Over the past few years, perhaps because I am known as a "marketing and messaging" guy, a number of friends and acquaintances have asked me for advice regarding their match.com profiles. a month ago, I was having the match.com discussion with my friend Juliet. Juliet is in her mid 40's, very fit, very vital and very good looking. she gets LOTS of inquiries on match.com.Juliet is a recent cancer survivor. she beat a very aggressive,fast growing cancer. now she is ready to start dating and we were talking about when she should share her battle with cancer. Most of her friends advised her NOT to mention that she is a cancer survivor in her profile. yet, it is a very big deal and has to come out sooner or later. I suggested that if she did put "cancer survivor" in her profile, even if she got ONE response a month, at least on that date she would go out knowing her date already knew and she would not have to dread bringing up the subject.I was with Juliet today and she shared with me something shocking.
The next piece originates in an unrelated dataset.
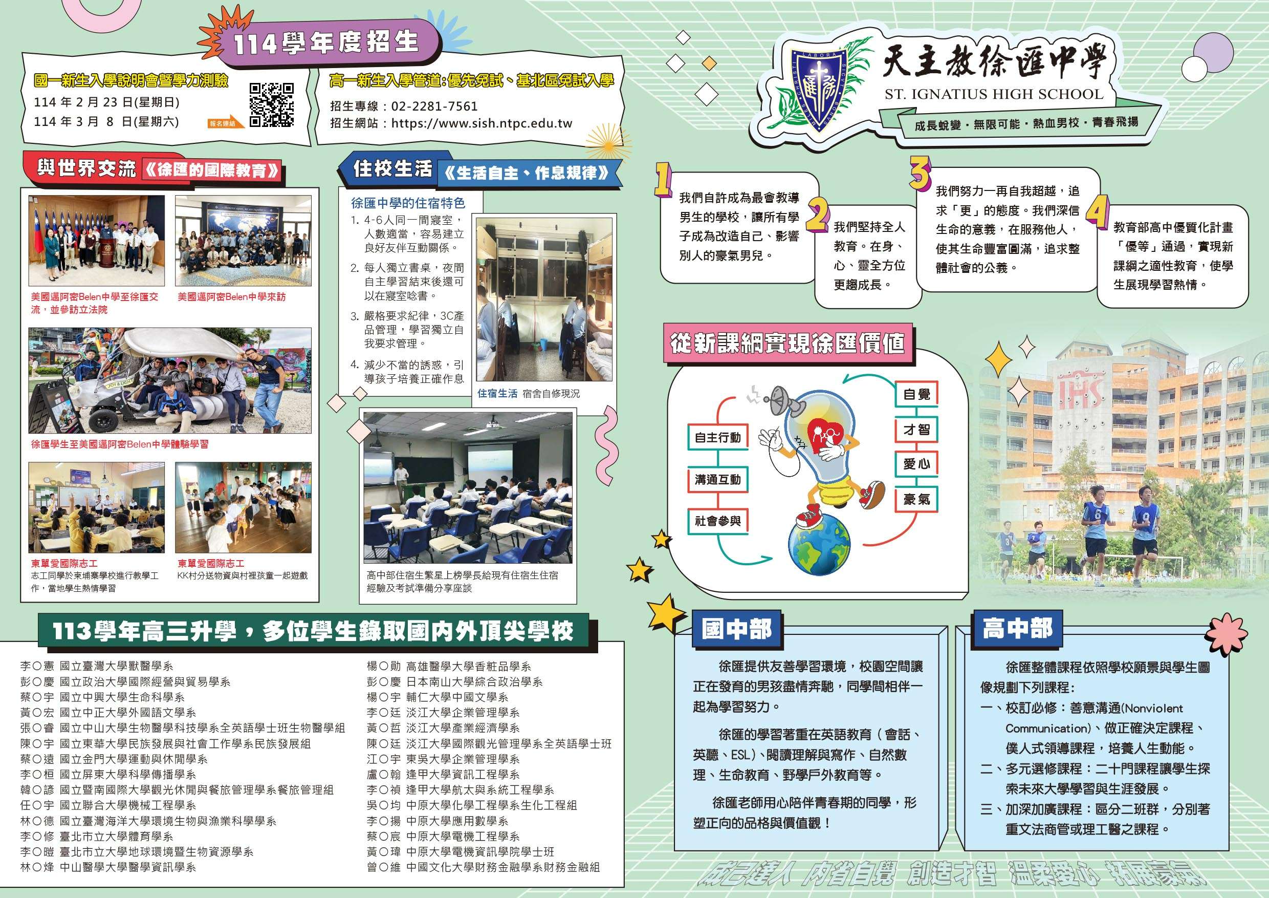 一、徐匯中學著重培育學生具備自覺、才智、愛心、豪氣四大能力,歡迎六年級男生及家長參加本校辦理之新生說明會。

Her 'winks' and matches DOUBLED after she put cancer survivor in her profile. For me, hearing this validated what we teach about vulnerability in our story leaders workshops and increased my faith in human nature. the courage to be imperfect leads to compassion and authenticity from others which results in emotional connection. If this subject interests you, check out the TED video featuring Brené Brown titled, "The power of vulnerability." we show it in our workshops.

Mike Bosworth 5/31/2011

9 comments:

  1. Mike, My personal experience has been the same and your comments have been right on. I was first exposed to what you do when our mutual friend, Dave C., worked for you in LA and later through Solution Selling where is was VP sales at a company that used your seminars as training tools. I shared in an online dating sight the fact that I was a caregiver for my wife of 37 years, and my honesty resulted in higher quality contacts and emotional connections to people that I am still friends with. Lets catch up soon one to one.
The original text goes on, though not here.